I asked this question in physics SE here. But I was not satisfied.
As we solving something related to symmetry transformations, we need Lie groups. Also Lie algebra is very important to generate those transformations.
E.g. the generators of $SO(3)$:
$$\begin{pmatrix}0&i&0\\-i&0&0\\0&0&0\end{pmatrix}, \begin{pmatrix}0&0&i\\0&0&0\\-i&0&0\end{pmatrix}, \begin{pmatrix}0&0&0\\0&0&i\\0&-i&0\end{pmatrix}. $$
Why there is an i in the front.. The thing it is not so wrong if we just consider the Lie algebra as a vector space. But when we use the Lie bracket we will also get those real ones.. But the Lie algebra is three real dimensional.. Now, it is 6.
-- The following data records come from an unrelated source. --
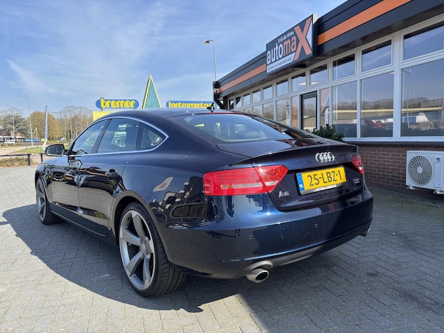 Dit is onmiskenbaar Duitse topkwaliteit. Indrukwekkende prestaties, vooruitstrevende techniek en ultiem betrouwbaar. Deze Audi A5 Sportback heeft het allemaal. De aandrijving wordt verzorgd door een zescilinder benzinemotor en een automatische transmissie. Mooi om te zien en heerlijk om in te zitten zijn de sportstoelen, die u onderweg optimale ondersteuning geven. De gasontladingslampen van de xenonverlichting zorgen voor een krachtige en heldere lichtbundel. U wordt in deze auto ook getrakteerd op 18 inch lichtmetalen velgen, sportonderstel, in delen neerklapbare achterbank, verstelbare lendensteunen, verwarmde ruitensproeiers en snelheidsafhankelijke stuurbekrachtiging.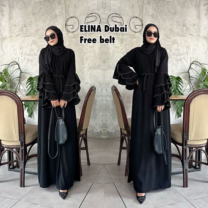 Abaya Gamis Hitam Maxy Dress Fashion Muslim Busana Wanita Turkey Murah Dubai Elina Gamis Lebaran Wanita Terbaru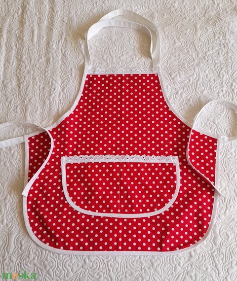 Pamut vászon pöttyös gyerek kötény madéra csipkével
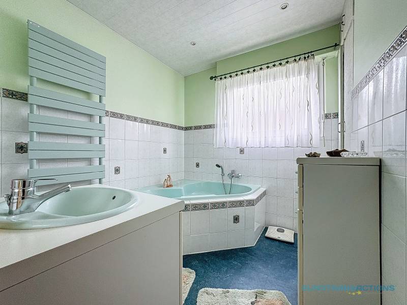 • Salle de Bain : Une salle de bain avec baignoire et vasque.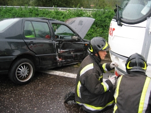 L'autovettura, sbandando verso il centro della carreggiata ha strisciato col fianco sinistro il guard rail. Successivamente andava a sbattere contro un autobus carico di turisti germanici.

Just a reminder of facts concerning physics usage.
Because quantum physics relies on unitary operators, the symmetry group elements are unitary matrices, so then exponentials of iJ where the Js are Hermitean operators, the standard convention for operators in physics. Commutators of such Hermitean Js are antihermitean, so not in the Lie algebra: in physics structure constants are normally pure imaginary, so they can multiply hermitean generators.
This is all there is to it, as @Dietrich Burde instructs you. The highly unconventional adjoint rep generators J you wrote down conform to this convention, but, of course, as you might be familiar, physics normally uses an equivalent representation for them, this one. Multiplying them by i and exponentiating yields a unitary group element in both cases but real orthogonal group elements only for your pure imaginary (Hermitean) basis. I gather you took the real antisymmetric generators of classical rotations and physics and multiplied them by i to make them Hermitean, assuming somehow physicsists use those, which they rarely would.